E há ainda uma curiosa investida ao tom cômico que invade o nonsense de muitas situações e transforma tudo num jogo de humor negro delicioso. Certa comemoração da personagem de Havana – bye Micah! – numa dada cena é desde já uma dos momentos mais abismais do ano, alegremente aterrador na maneira de olhar para as atitudes dessa mulher. Referências e indiretas sobre figuras reais do universo hollywoodiano são disparadas pelo filme sem concessões, tiradas engraçadas e de um sarcasmo que poucas vezes se vê tão descaradamente num filme. 

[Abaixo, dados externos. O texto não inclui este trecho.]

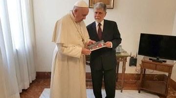 São Paulo – O papa Francisco recebeu, na manhã desta quinta-feira (2), Celso Amorim, ex-ministro das Relações Exteriores e da Defesa nos governos de Lula e Dilma, no Vaticano. O brasileiro entregou ao pontífice uma versão em italiano do livro A Verdade Vencerá, em que o ex-presidente narra a perseguição judicial de que é vítima para tirar sua candidatura das eleições deste ano.

Com Mapas para as Estrelas o diretor canadense acaba seguindo os caminhos naturais de um filme taxativo, mas mantém em alta os tons de cinismo. Pode parecer pouco, mas nas mãos de Cronenberg isso vira um jogo perverso (e delicioso de acompanhar) que só expõe as mazelas de certo círculo vicioso no mundo das artes cinematográficas. Se num filme como Cosmópolis, para ficar num exemplo recente, há algo de muito mais provocador e complexo sobre o muno do dinheiro e seus atores, aqui o propósito do olhar é menos pretensioso, mas o resultado não deixa de ser recompensador.